**What to do:** After locating "NEW Anthropologie Maya" in the listing below, copy that line and each one after it exactly, ending with the line that has "Perspectiva da cozinha · Modelo digital 3D".
─── Data extract ───
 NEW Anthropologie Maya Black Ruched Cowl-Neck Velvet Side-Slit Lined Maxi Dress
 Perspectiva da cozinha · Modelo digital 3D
───
─── Data extract ───
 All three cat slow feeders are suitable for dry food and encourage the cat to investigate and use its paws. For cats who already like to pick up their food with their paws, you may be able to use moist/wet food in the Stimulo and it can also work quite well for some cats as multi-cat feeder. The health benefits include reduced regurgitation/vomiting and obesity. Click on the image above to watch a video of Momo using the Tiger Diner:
───
**Result:**
 NEW Anthropologie Maya Black Ruched Cowl-Neck Velvet Side-Slit Lined Maxi Dress
 Perspectiva da cozinha · Modelo digital 3D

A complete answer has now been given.